In an attempt to prevent the problems with the ASP server delivering the wrong content of file, in the correct file name, i have just downloaded an entire text book, about 3500 files and 73MB over 3 full days. This is because i set "number of connections" to 1 and "delay between downloads" to 7-13.
Then i used "URL filters-filenames" and included only "*good11*.gif" and "content*={:935800..956493}" to limit to only this book. The limitting works fine, but I am still getting more than 1000 incorrect files, essentially making the download unusable, as perhaps 60% of the pages in the book are actually the same. The problem only occurs in pages with 3 frames, ie content.aspx, content_nav.aspx and content_main.aspx. Those pages which are only content.aspx because they are just chapter or section headings all download perfectly. Furthermore, on the pages that are incorrect, the content.aspx part does conbtain the corrent information all the time, it is just the content_nav.aspx and the content_main.aspx where the file contents do not correctly download.
Do you have any ideas.
I have just created a new login that will be valid for a week:
joregelt6
lactobacillus

thanks
jo
Oleg Chernavin 11/14/2005 06:59 am
It is very hard to overcome such servers. I would suggest you to try to add the following line to the Project`s URLs field:

Additional=DepthFirst

This will reserse the order of the pages to download and may help. But I am not 100% sure, though.

Oleg.
Jo 11/15/2005 05:12 am
hi Oleg

thanks for the fast response again.
I am not sure where you mean I should enter this text "Additional=DepthFirst"
Is it at the end of the line:
http://www.accessmedicine.com/resourceTOC.aspx?resourceID=28 in the "Project-Address URLs" field, or is it an entry on a new line in this field, or is it somewhere else completely.
Also, can you tell me very quickly, what affect you expect this to have, and why you think i am having these problems.
Is their server set up to try and prevent the kind of downloads that offline explorer does, or is their asp server buggy and that is why i am having these problems.

thanks

jo

thanks
jo
Oleg Chernavin 11/15/2005 06:01 am
This should be placed on a separate line after the existing Project URL, like:

http://www.site.com/page.htm
Additional=DepthFirst

The above will cause Offline Explorer to load a page and then all links (images) from it and only then start loading the next page.
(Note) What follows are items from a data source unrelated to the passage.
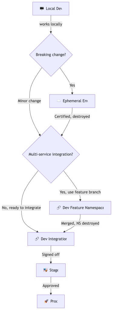 This is the most operationally nuanced piece. For minor, non-breaking changes, developers need a way to test integration without either (a) polluting the main dev namespace or (b) the overhead of a full ephemeral cluster.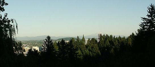 View from the Rose Garden, Portland's skyline + Mt Hood (546x237)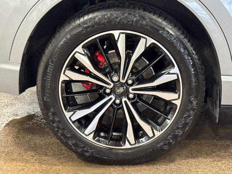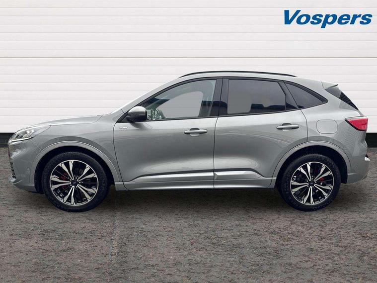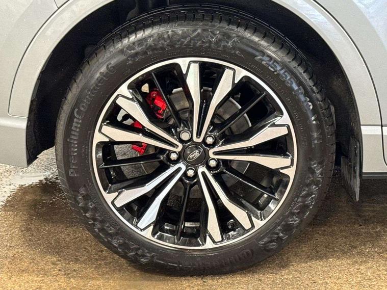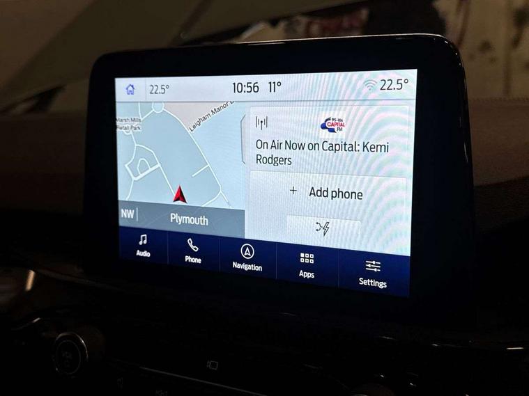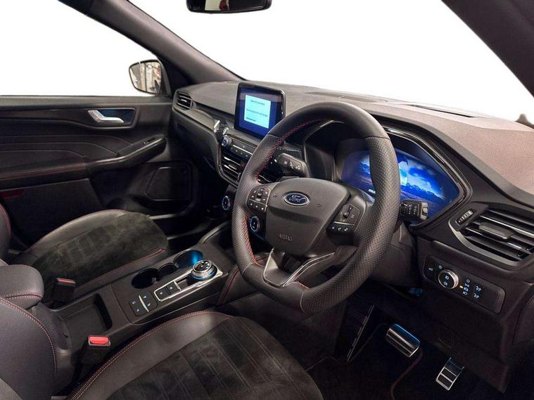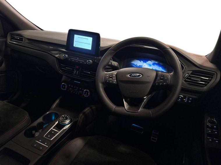 12.3" digital colour instrument cluster, Ford easy fuel, Ford SYNC 3 with 8" TFT LCD touchscreen, App Link, andriod auto/apple carPlay, emergency assistance and navigation with Ford pass connect, Front and rear parking sensors, Hands free power tailgate, Lane keeping aid with lane departure warning, Power assist steering, Rear view camera, Selectable drive modes, Service interval indicator, Sports suspension, Twist beam rear suspension, B&O premium audio system with 10 speakers and subwoofer, 2 USB ports, DAB radio/CD, Auto headlamps with high and low beam, Black roof rails, Day/night rear view mirror, Front LED fog lamps, Large rear spoiler, LED daytime running lights, LED rear lights, Power folding heated door mirrors with puddle lights, Power front/rear windows with global close, Power opening panoramic roof, Privacy glass, Quickclear heated windscreen, Rear side wing doors, Rear wiper, ST Line body styling kit with unique front and rear fascia and bumper, rear painted diffuser, front painted skid plates, dark mesh upper grille, ST Line front scuff plates, Third brake light, Twin exhausts, 10 way power adjustable drivers seat, 2nd row sliding seats with 60:40 split, 8 way manual passenger seat including lumbar support and height adjust, Alloy pedals, Centre console with electronic parking brake, Dark headlining and pillars, Electronic automatic temperature control (EATC), Flat bottomed leather steering wheel in sensico with red stitching, Front and rear head restraints, Heated passenger and driver seats, Heated rear seats, Heated steering wheel, Partial premium touch sensico leather upholstery with black cloth inserts and red stitching, Rear charging point, Single front passenger seat, Sports seats, ST Line front and rear floor mats, 3x3 point rear seatbelts, Airbags - front driver/passenger, front and rear curtain, Drivers knee airbag, Electronic stability control (ESC) and ABS, Ford MyKey Gen 2 safety system, Manual child proof rear door locks, Post collision braking, Pre collision assist with autonomous emergency braking, Rear seat Occupancy alert, Red brake calipers, Tyre pressure monitoring system, Engine immobiliser, Keyless entry and Ford power start button (Keyless start), Locking wheel nuts, Remote powered central double locking doors, Thatcham category 1 alarm,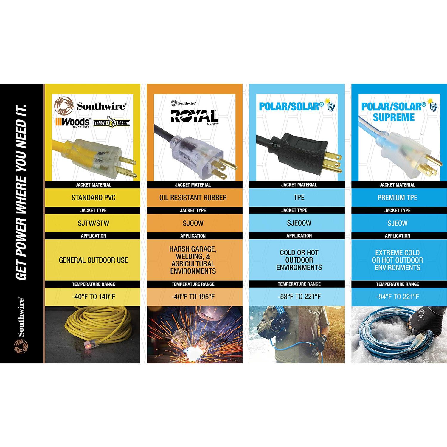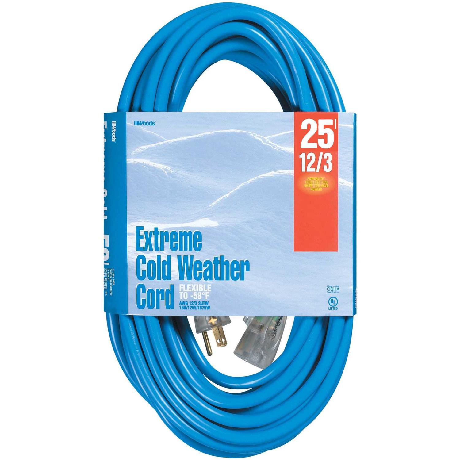 Withstands harsh, winter temperatures. Rated for -58 Deg (degrees) F (Fahrenheit) to 140 Deg F. All-copper wire construction. Ideal for use with heavy-duty equipment and tools. Features a highly visible bright blue jacket which provides extra safety as well as prevents loss and theft on jobsites. Extra durable, oversized, clear molded plug prevents accidental bending or breaking. UL (Underwriter’s Laboratories) listed.

I am not sure, but it may help for some sites.

Oleg.
Kevork Kevorkian 12/17/2005 05:55 am
If I paste the list with the links in the Addresses (URLs) field like that:

http://www.accessmedicine.com/popup.aspx?aID=799212
http://www.accessmedicine.com/popup.aspx?aID=799222
http://www.accessmedicine.com/popup.aspx?aID=799235
http://www.accessmedicine.com/popup.aspx?aID=799250
http://www.accessmedicine.com/popup.aspx?aID=799515

Level limit = 0

I download the pages successfully.

Choosing the number of connections to 1 and delay between downloads 1-3 is recommended. After a couple of downloads I switch it to 2 and delay to 0.

To obtain the list with the links to be included, you can download one time with all the wrong pages and arbitrary project settings. From the map tab you can copy the link urls and paste them in a second project with the settings given above. I sorted the list with the links alphabetically before pasting it. Perhaps it should work the other way too.

Hope this will help. I`m waiting for your feedback.